High levels of heterozygosis may be due to factors including the reproductive system such as self-incompatibility75 or high gene flow65,76. Results from this work revealed a range of the inbreeding coefficient of -0.492
(TR) to -0.363 (LM), which is much lower than those found in e.g. H. drasticus (0.248–0.303)34, Calotropis
gigantea (0.167), C. procera (0.177)77, or Phoenix theophrasti (0.9)78. The negative inbreeding values found here
suggest the existence of random mating79 among individuals of W. salutaris and might also explain the levels of
heterozygosis found here. Indeed, the related species Warburgia ugandensis has a mixed mating system being
predominantly outcrossing62. Additionally, insect pollinators of W. salutaris such as bees are probably able to
travel over the large agricultural blocks separating the three geographical areas studied here, promoting gene
flow. Genetic admixture between sites might also be facilitated by frugivorous birds that often eat the berries
thereby facilitating the dispersion of seeds. In accordance, we found high levels of genetic admixture between
populations with only two genetic clusters being found, one grouping the northern populations and the other
one, the southern populations.
Our study suggests that, although some local populations might have been severely affected by harvesting,
the pepper-bark tree might have persisted in sufficient numbers in Mozambique to allow outcrossing between
sites, retaining a large proportion of genetic diversity. Although there are no records of the historical distribution of this species, the studied populations could be relicts of once much larger populations that persisted in
specific locations. In addition, recent conservation efforts might have diminished trade in Mozambique, avoiding
severe barking in these populations. Further research should focus on understanding the factors limiting the
regeneration of W. salutaris trees.
Population differentiation between geographic areas. Population differentiation of endangered
species is variable. For example, low differentiation was found between populations of Platanthera leucophaea
(FST < 0.02 over distances < 2 km80) while in H. drasticus the differentiation levels were high (FST from 0.036 to
0.077 over short distances)34. In contrast, the endangered Paeoma rockii revealed a high differentiation between
populations (FST varied from 0.780 to 0.982)81. Despite the narrow distributional area of W. salutaris in Mozambique, this study revealed a high genetic differentiation between the northern populations located in LM and
TR and the southern populations located in FC (Fig. 1). Pairwise FST comparisons showed lower genetic differentiation between LM and TR (0.049), which are separated by only 28 km, than either between LM and FC
areas (0.084, separated by 81 km) or between TR and FC (0.114, separated by 49 km). STRUCTURE analyses
also found a distinct genetic cluster in the FC area, which was also supported by PCoA analyses and the NJ tree.
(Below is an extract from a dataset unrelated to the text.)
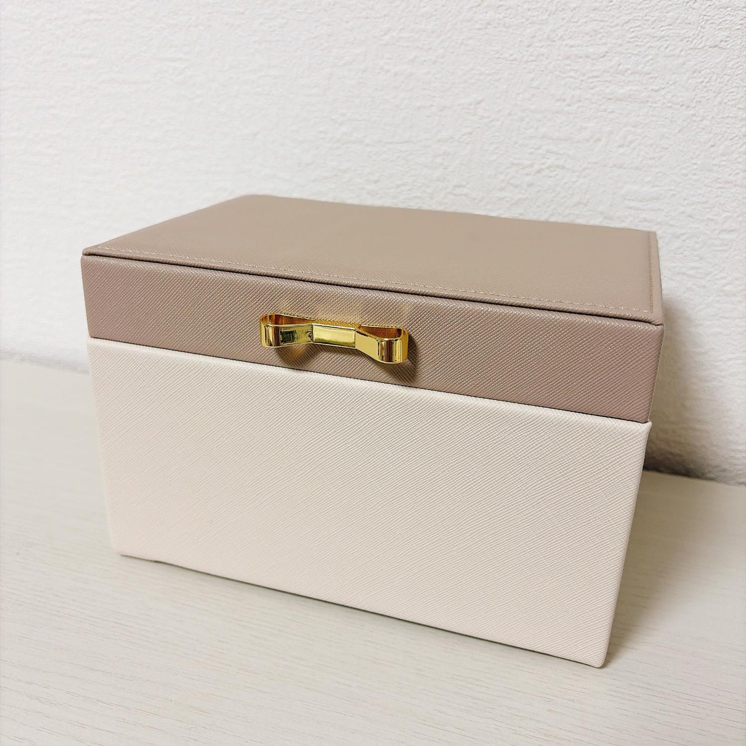 優しい色合いのバイカラーでとても可愛いです。 色々なジュエリーボックスが売っていますが、これー!!と思って買いました。 Francfrancは可愛い… ミラーも付いているので使いやすいです。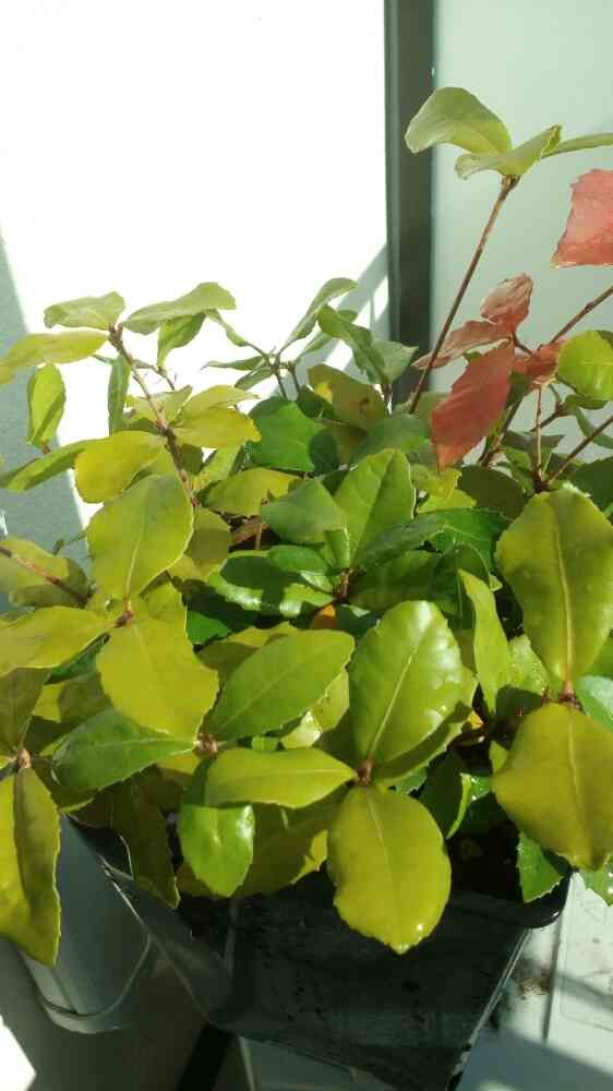 ウバメガシ。発芽率がえらくよかった。日当たりが悪いのか、緑が薄い。奥で紅葉してるのは紛れ込んでいたコナラ。

Contrary to LM and TR areas, where W. salutaris occurs in slopes and forest patches, in the FC area this species
occurs near seasonal pans in thicket vegetation associated with termitaria on clay soils82,83. This might imply
differences in reproductive ecology, particularly regarding flowering phenology and the activity of pollinators,
which would affect gene flow with the other sites, explaining the genetic structure and population differentiation found between the studied sites. Thus, the differentiated FC genetic clusters could be harbouring novel and
important alleles and should be given priority in in situ and ex situ conservation strategies in Mozambique77,84,85.
How to conserve a species widely exploited and needed? Several populations of W. salutaris are
threatened by fire from slash and burn agriculture, as they occur in adjacent patches or in agricultural lands48.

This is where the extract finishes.